Mycotoxins can be detected in corn through testing. But predicting the
conditions that cause the molds to produce the carcinogens has been a matter of
guesswork, according to
Dowd, an entomologist at the ARS
Center for Agricultural Utilization Research, in Peoria, Ill.
Dowd's solution is Mycotoxin Predictor 1.1. Copyrighted by collaborators at
Illinois Central College, the
Windows-friendly software program uses equations to mathematically predict
mycotoxin levels using temperature, soil type, numbers of insects and other
factors that influence the molds' growth and spread.
By entering such data into the program, a farmer can predict the
likelihood--and levels--of mycotoxin contamination more than a month before
harvest. Mold growth is often tied to insect damage. So, if the program
predicts that mycotoxin problems are likely to arise from heavy insect feeding,
the farmer may opt to spray the crop before caterpillars can hide inside corn
husks and cause damage that allows mold growth.
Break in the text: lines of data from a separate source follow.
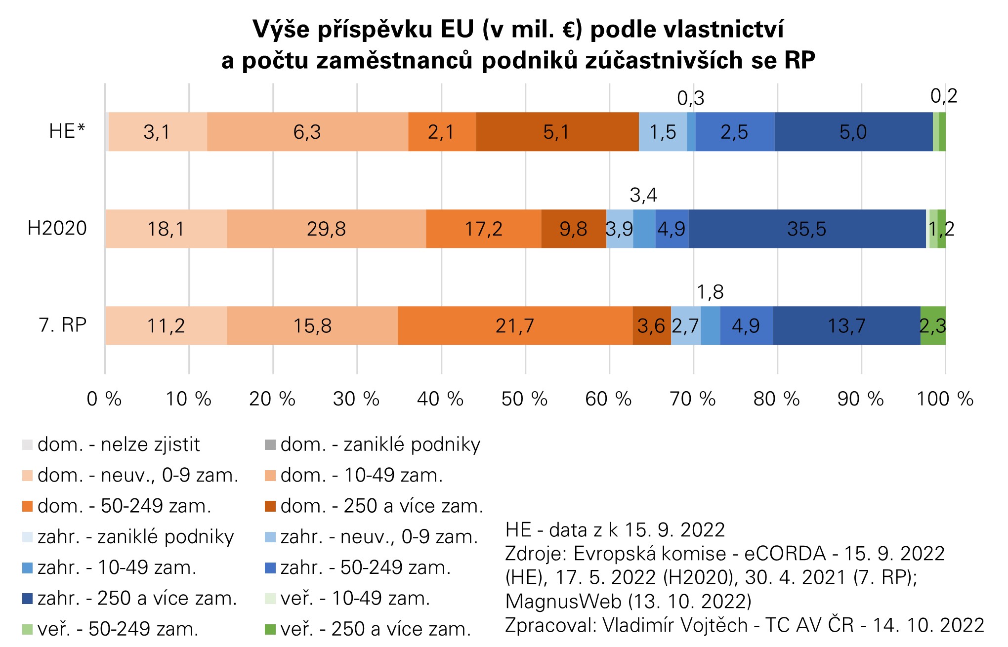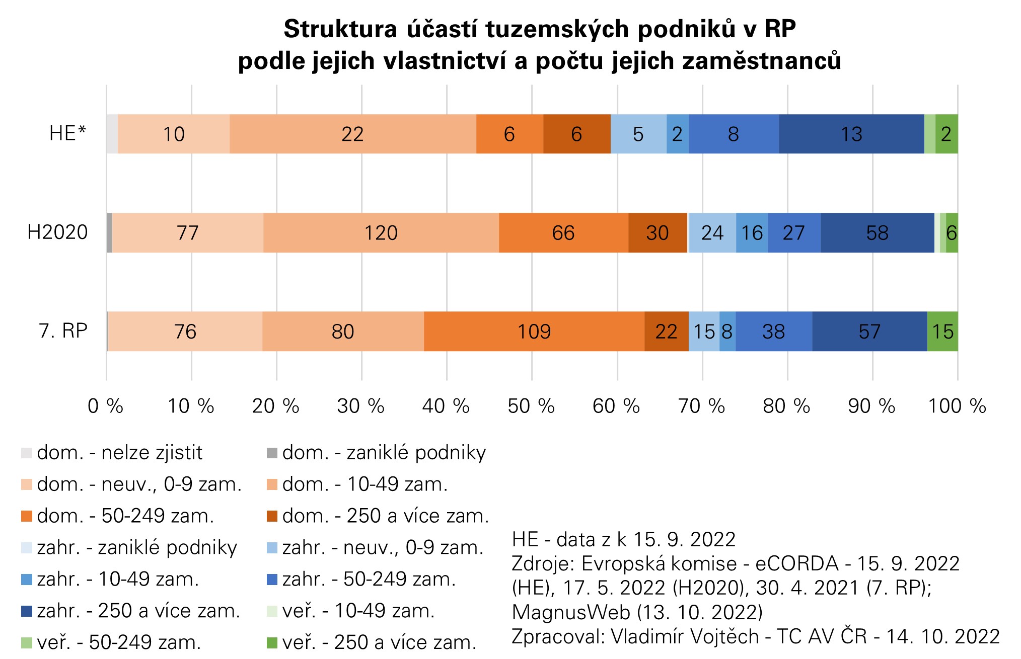 Předchozí příspěvek z 12. října 2022 stručně hodnotil odvětvovou strukturu účasti tuzemských podniků v rámcových programech. Cílem tohoto příspěvku je navázat a představit čtenáři velikostní strukturu těchto podniků podle počtu zaměstnanců. Přidáno je i hledisko institucionálního sektoru neboli vlastnictví, neboť rámcových programů se účastní domácí a zahraniční podniky odlišných velikostních kategorií. Opět jsou hodnoceni pouze účastníci typu „příjemce“ (beneficiary), kteří mají s Evropskou komisí podepsánu grantovou dohodu nebo probíhá příprava k jejímu podpisu. Poněvadž hodnotíme tři po sobě jdoucí rámcové programy, je pro nás rozhodující velikostní kategorie podniku v době ukončení programu. To znamená pro 7. rámcový program rok 2014; pro program Horizont 2020 rok 2020, neboť databáze MagnusWeb, provozovaná společností Dun & Bradstreet Czech Republic, a.s., v době zpracování tohoto příspěvku nedisponuje údaji ze závěrek zúčastnivších se podniků za rok 2021. V případě aktuálního programu Horizont Evropa vycházíme rovněž z údajů pro rok 2020.
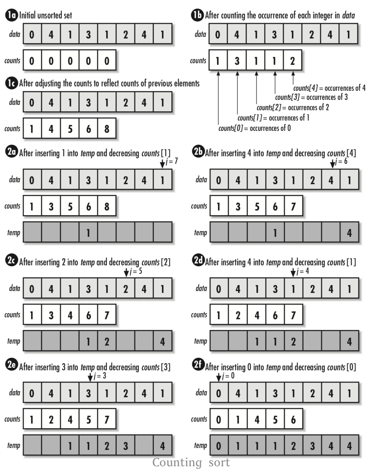 temp[counts[index] - 1] = data[j];
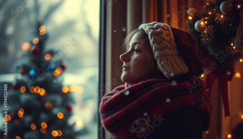 Obraz premium A serene woman gazes out the window, surrounded by festive decorations and a...
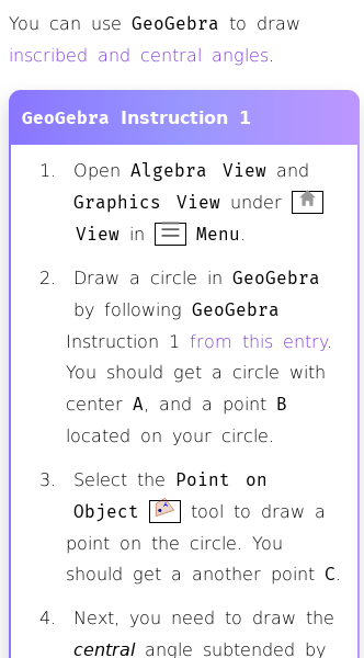• Inscribed and Central Angles in GeoGebra
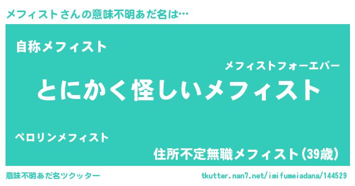 | 恥ずかしいあだ名 | 『メフリンリン』『メフィストデラックス』 |
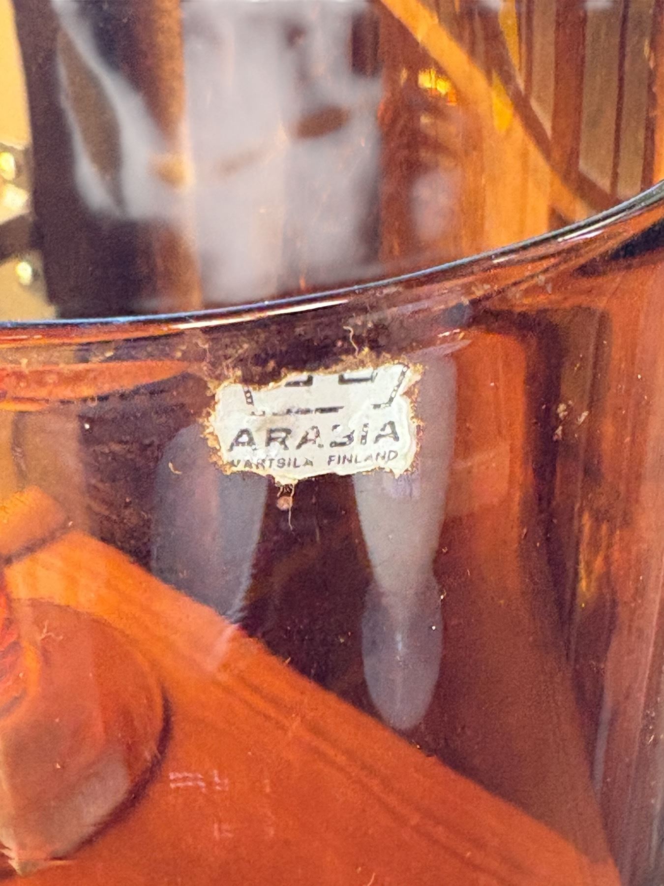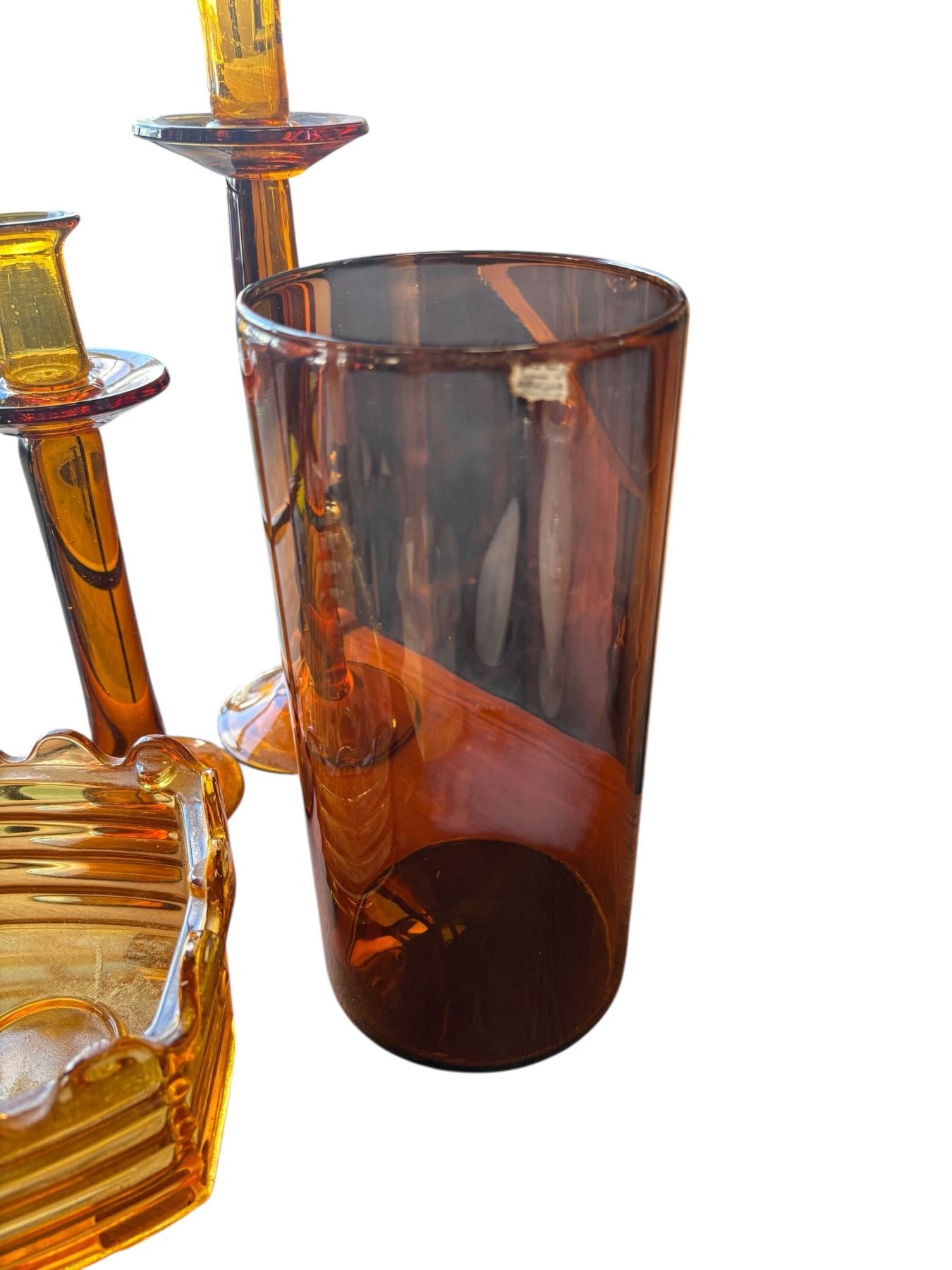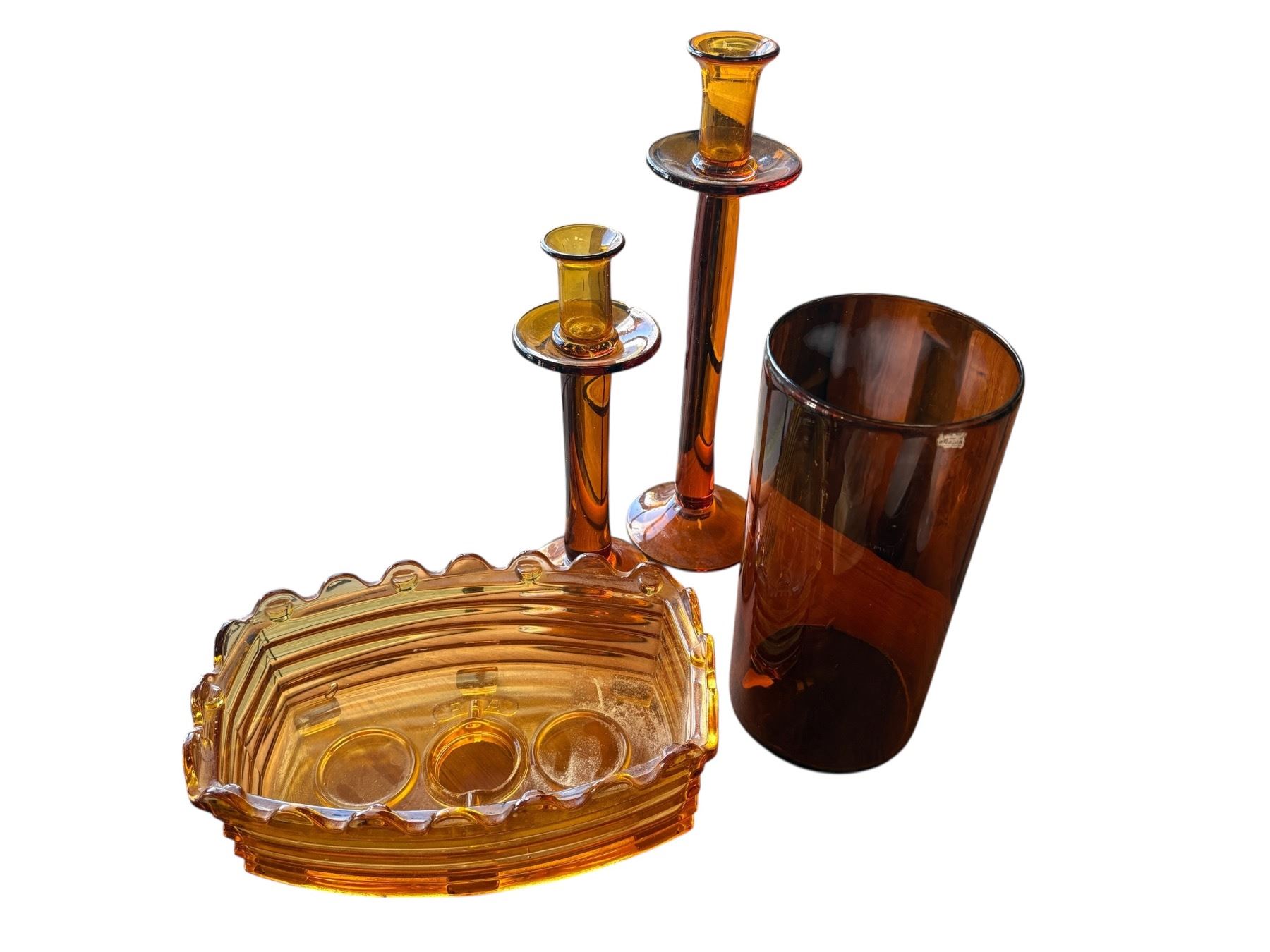 Amber art glass collection includes Empoli candlestick holders tallest measuring 13 inches, vintage cylindrical vase, and an Rfa Bruxelles plate warmer. This vintage set showcases a variety of functional and decorative pieces. Items are as pictured.

Dowd wrote the software program in 1998 after six years of collecting data
on field conditions and corn ear contamination in connection with two
mycotoxins, aflatoxin and fumonisin. He validated the program's predictions by
comparing them with an independent lab's analysis of mycotoxin levels in more
than two dozen corn hybrids used in field tests from 2000 to 2003 in
collaboration with the Central Illinois Irrigated Growers Association.
ARS is seeking a software company that can market Mycotoxin Predictor 1.1 to
farmers, millers, refiners and others.
ARS is the U.S. Department of
Agriculture's chief scientific research agency.